Ending more than a year of speculation over who might fill the formidable shoes of its powerful managing director of 28 years, Ernest Fleischmann, the Los Angeles Philharmonic has named the 39-year-old manager of Amsterdam's Royal Concertgebouw Orchestra to the job.
Today in Amsterdam, Willem Wijnbergen, managing director of the Concertgebouw since 1992, is expected to formally announce that he is leaving his post with that venerable, 108-year-old institution--widely considered one of the top orchestras in the world--to oversee the administration of the Los Angeles Philharmonic.
Barry Sanders, Philharmonic board president, called the succession from Fleischmann to Wijnbergen a move from "strength to strength."
"He has a very strong musical background, [a] good business orientation, as well as an interesting marketing background," said Philharmonic board Chairman Robert Attiyeh. "Some very, very talented people don't have all those characteristics, so for that reason we were looking for a very, very long time."
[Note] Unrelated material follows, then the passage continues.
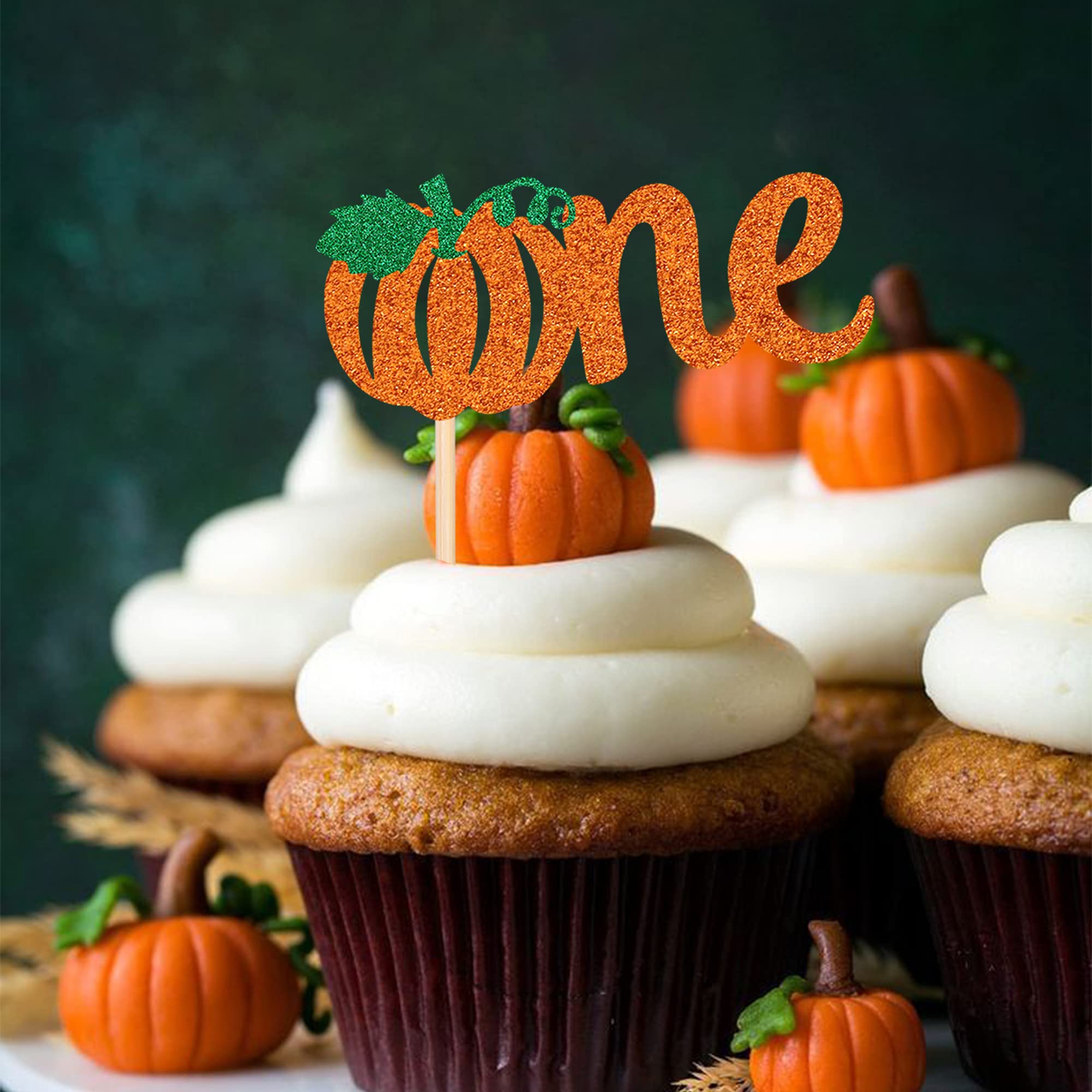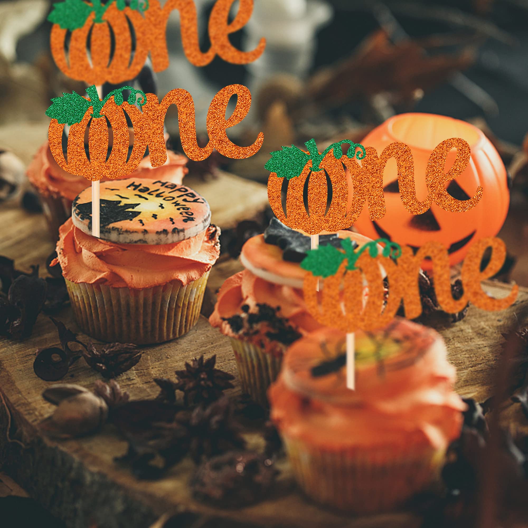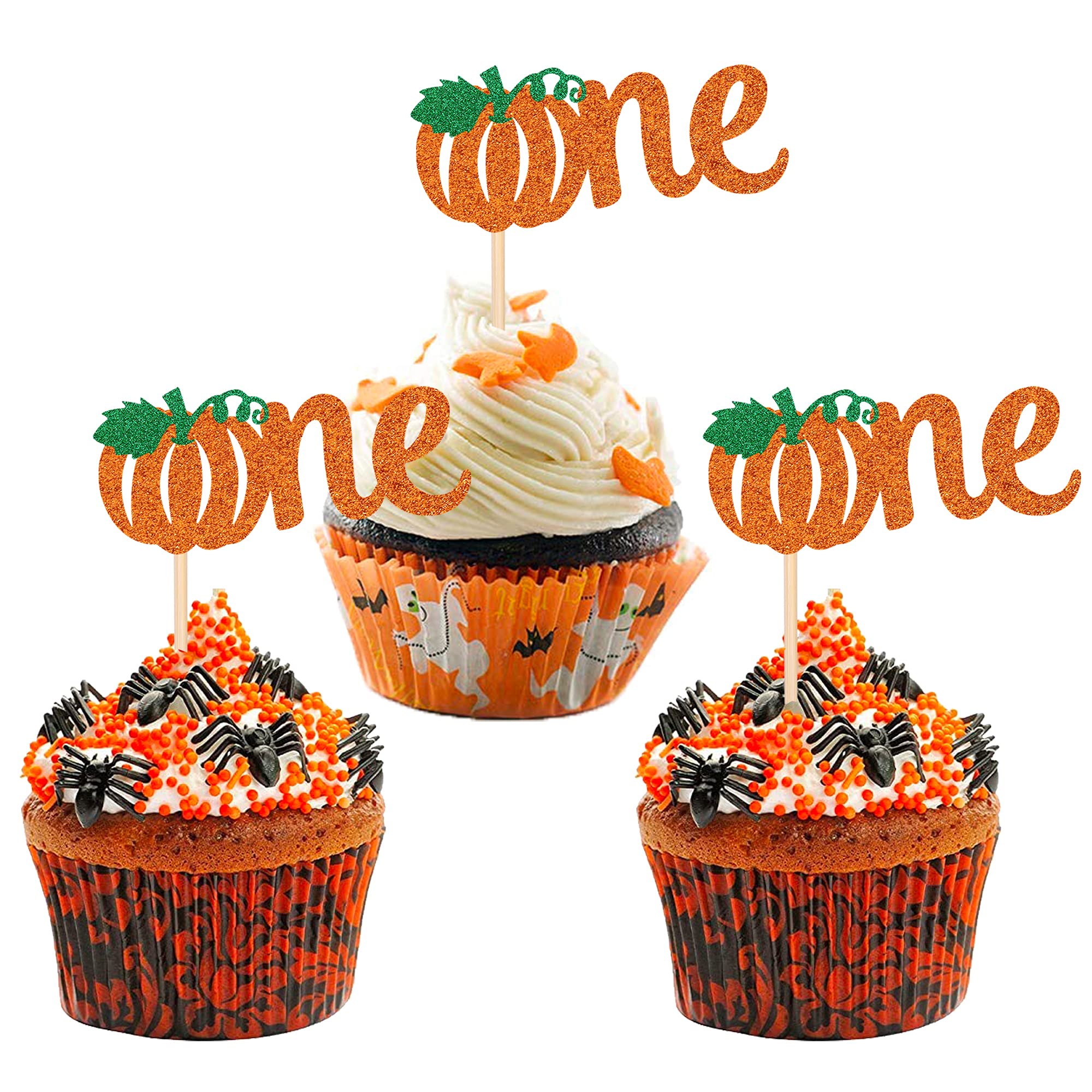 Pumpkin One Theme Party Cupcake Decorations Supplies Perfect for pumpkin theme party,thanksgiving theme party, baby shower party,1 st birthday party cupcake decorations supplies. Pack of 24 pcs. The size is W 2.2 inch * H 4.5 inch / W 5 cm * H 11.5 cm ( with stick ) Made of high quality glitter paper card stock and food grade sticks,thick and thick and sturdy. These cupcake toppers are single glitter, the back is white, and they are intended for decoration only, please do not put them in oven or microwave. If the item you received has any defects, please contact us for refund.we will deal with it within 24 hours.

Esa-Pekka Salonen, music director of the Philharmonic, brought Wijnbergen to the attention of the orchestra board this summer, after meeting him in Europe earlier in the year.
"This guy seems to be a personality that would thrive in L.A.," Salonen said. "Somebody who is clearly very talented, and brilliant in his profession, but also not afraid of challenges, unafraid of starting new territory. [He's attracted by] the quality of the orchestra and the possibility of creating something that can be a beacon for other institutions around the world. I think for such a man, Europe is not necessarily the right place."
Wijnbergen will join the Philharmonic as executive vice president and managing director March 1. Fleischmann, 72, who announced his planned retirement from the $300,000-a-year post in January 1996, will become the Philharmonic's artistic consultant, under contract through June 2000, with options to extend it to the potential opening season of Disney Hall in 2001 or 2002.
In a telephone interview from his Amsterdam home, Wijnbergen said he is leaving his post with the Concertgebouw because of the freedom offered by the comparative youth of the Philharmonic--and Los Angeles.
"[The Philharmonic] tradition is rooted about 50 years ago," Wijnbergen said. "When I came to the [Concertgebouw], it was at a very difficult position because of its financial situation--it was a bit in the doldrums. And what I liked about the Concertgebouw was the general feeling that things needed to change to survive. But it changed much faster than we thought. What we expected to reach in the year 2000 has already been reached.
"This orchestra will be what it is. It is not going to expand into other areas. I can put it in cruise control and monitor it, but I am too young for that. It is very simple."
Cruise control will not be an option when Wijnbergen arrives in Los Angeles. One of his accomplishments in Amsterdam was the establishment of an endowment fund for the orchestra. Expanding the Philharmonic's endowment, which is far smaller than that of any comparable orchestra in the country, is one of the symphony's goals.
And then there's Disney Hall. This fall, the Philharmonic is launching the orchestra's first capital campaign to raise funds for the construction of the auditorium. The goal is to add $15 million to the project, which still faces an estimated funding gap of at least $50 million.
Wijnbergen said assurances from Philharmonic leadership that Disney Hall will indeed be built were conditional to his decision. The Royal Concertgebouw Orchestra's home (the word "concertgebouw" means concert hall) has the same excellent reputation as the orchestra itself, and it was one of the models for the Disney project. In the Concertgebouw, as in Frank O. Gehry's design for Disney Hall, the audience surrounds the orchestra rather than just sitting in front of it.
"I think for an orchestra that has such potential, a hall has to go with it," Wijnbergen said. "They can only be great if they have this resource of a hall where they can develop their sound and their style of playing."
Wijnbergen was born and raised in the Netherlands and trained as a concert pianist. In 1983, he received his master's degree in piano performance and orchestra conducting from the Music Conservatory of the City of Groningen, and then became an assistant conductor with the Rotterdam Philharmonic Orchestra.
In 1988, Wijnbergen came to the United States to enroll at Southern Methodist University in Dallas, taking a master's degree in business and arts administration. There he was recruited by Procter & Gamble to serve as brand manager at the company's Rotterdam office.